▸ **TASK GOAL**
Once the line containing "Front: 1/25 BUON" is found in the records below, return it and each following line exactly, up to and including the line containing "Unique Natural Rose", and nothing else.

▸ **DATA SHOWN**

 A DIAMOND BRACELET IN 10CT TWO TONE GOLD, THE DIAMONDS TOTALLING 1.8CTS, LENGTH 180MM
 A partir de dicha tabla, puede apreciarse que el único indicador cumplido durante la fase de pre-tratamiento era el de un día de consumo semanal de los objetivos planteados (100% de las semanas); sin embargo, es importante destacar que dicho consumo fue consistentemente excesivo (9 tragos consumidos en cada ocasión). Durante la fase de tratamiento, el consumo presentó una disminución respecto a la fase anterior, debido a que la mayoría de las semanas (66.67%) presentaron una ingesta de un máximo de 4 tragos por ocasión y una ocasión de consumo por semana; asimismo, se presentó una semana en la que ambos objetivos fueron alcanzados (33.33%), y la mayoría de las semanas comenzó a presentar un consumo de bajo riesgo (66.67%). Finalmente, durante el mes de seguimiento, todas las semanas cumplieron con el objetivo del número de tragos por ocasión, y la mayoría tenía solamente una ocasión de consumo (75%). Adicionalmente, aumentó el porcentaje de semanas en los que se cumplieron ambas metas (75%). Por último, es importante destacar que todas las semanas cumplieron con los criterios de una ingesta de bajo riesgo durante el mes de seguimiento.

==

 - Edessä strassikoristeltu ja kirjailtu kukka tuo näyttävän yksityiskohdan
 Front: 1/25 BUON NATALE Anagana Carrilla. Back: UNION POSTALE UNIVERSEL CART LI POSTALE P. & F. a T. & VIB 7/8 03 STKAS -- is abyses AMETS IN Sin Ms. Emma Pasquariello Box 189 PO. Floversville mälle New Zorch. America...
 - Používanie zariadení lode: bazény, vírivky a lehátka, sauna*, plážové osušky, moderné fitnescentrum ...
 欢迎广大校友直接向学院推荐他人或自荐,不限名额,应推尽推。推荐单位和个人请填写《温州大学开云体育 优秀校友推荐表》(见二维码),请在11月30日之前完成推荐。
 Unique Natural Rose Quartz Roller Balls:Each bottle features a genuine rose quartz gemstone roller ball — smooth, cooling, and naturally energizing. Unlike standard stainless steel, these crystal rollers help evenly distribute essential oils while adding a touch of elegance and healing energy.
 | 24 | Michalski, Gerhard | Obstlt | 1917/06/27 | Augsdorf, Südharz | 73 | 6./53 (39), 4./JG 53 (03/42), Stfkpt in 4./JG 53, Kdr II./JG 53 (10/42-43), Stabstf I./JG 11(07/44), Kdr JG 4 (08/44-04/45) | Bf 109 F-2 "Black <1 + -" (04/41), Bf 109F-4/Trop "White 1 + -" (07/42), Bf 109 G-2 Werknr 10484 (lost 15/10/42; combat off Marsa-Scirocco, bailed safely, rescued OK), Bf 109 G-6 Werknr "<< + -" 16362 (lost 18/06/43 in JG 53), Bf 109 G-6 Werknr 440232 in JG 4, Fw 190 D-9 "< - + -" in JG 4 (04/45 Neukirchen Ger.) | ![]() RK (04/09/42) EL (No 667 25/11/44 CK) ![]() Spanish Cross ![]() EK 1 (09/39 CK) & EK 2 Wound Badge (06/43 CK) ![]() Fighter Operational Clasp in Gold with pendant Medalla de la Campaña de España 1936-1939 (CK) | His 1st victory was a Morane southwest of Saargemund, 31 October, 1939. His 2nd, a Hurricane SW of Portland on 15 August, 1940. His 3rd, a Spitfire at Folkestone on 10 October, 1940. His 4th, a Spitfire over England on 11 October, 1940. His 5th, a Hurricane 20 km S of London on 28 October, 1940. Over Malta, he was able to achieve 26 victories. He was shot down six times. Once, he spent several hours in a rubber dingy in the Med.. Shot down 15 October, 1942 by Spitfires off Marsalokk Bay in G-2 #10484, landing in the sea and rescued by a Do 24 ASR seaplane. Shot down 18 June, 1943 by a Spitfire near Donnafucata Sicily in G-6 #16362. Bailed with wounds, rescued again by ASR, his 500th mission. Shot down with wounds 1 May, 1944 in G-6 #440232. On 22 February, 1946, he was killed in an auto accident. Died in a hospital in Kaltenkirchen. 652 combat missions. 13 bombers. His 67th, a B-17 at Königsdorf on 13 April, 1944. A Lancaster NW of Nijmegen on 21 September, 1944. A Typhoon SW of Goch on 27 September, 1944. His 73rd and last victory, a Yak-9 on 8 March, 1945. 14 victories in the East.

* * *

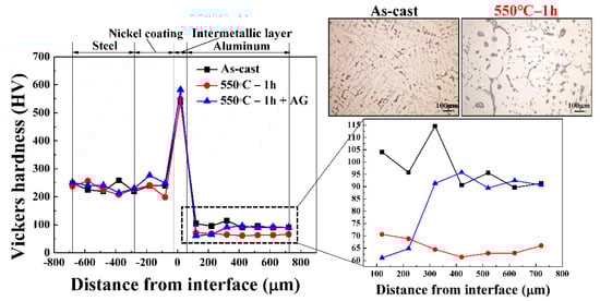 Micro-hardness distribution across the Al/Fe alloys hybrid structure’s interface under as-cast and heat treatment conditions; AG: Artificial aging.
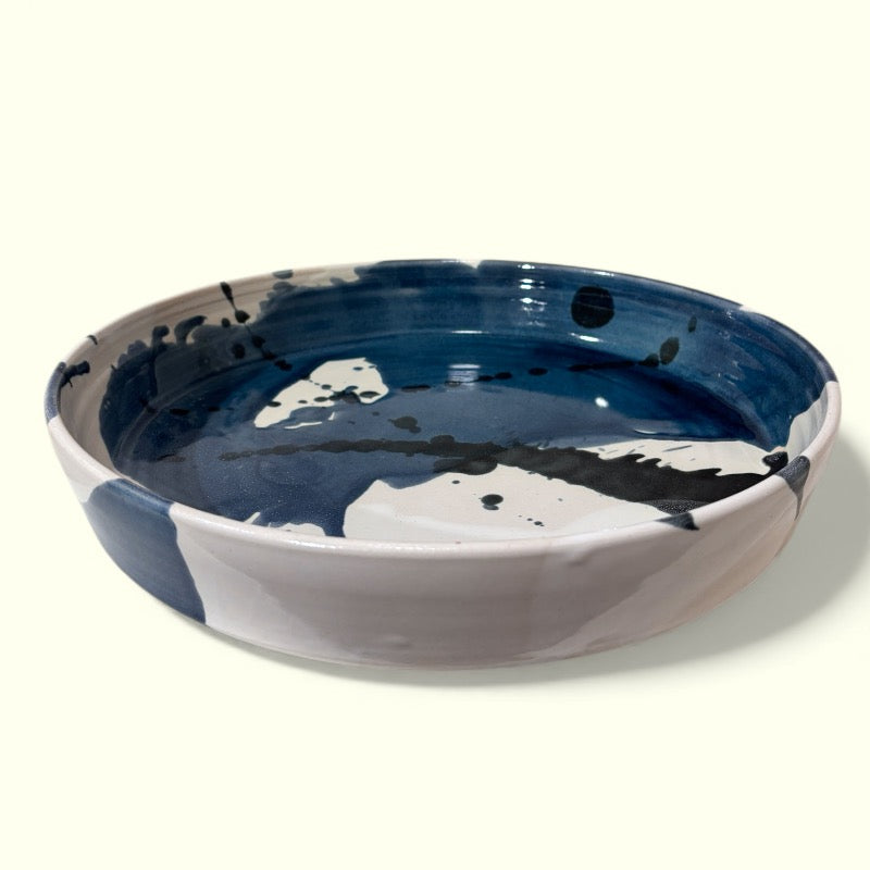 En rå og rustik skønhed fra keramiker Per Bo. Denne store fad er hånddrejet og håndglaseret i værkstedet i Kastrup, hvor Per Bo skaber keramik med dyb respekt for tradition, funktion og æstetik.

▸ **FINISHED EXERCISE**
 Front: 1/25 BUON NATALE Anagana Carrilla. Back: UNION POSTALE UNIVERSEL CART LI POSTALE P. & F. a T. & VIB 7/8 03 STKAS -- is abyses AMETS IN Sin Ms. Emma Pasquariello Box 189 PO. Floversville mälle New Zorch. America...
 - Používanie zariadení lode: bazény, vírivky a lehátka, sauna*, plážové osušky, moderné fitnescentrum ...
 欢迎广大校友直接向学院推荐他人或自荐,不限名额,应推尽推。推荐单位和个人请填写《温州大学开云体育 优秀校友推荐表》(见二维码),请在11月30日之前完成推荐。
 Unique Natural Rose Quartz Roller Balls:Each bottle features a genuine rose quartz gemstone roller ball — smooth, cooling, and naturally energizing. Unlike standard stainless steel, these crystal rollers help evenly distribute essential oils while adding a touch of elegance and healing energy.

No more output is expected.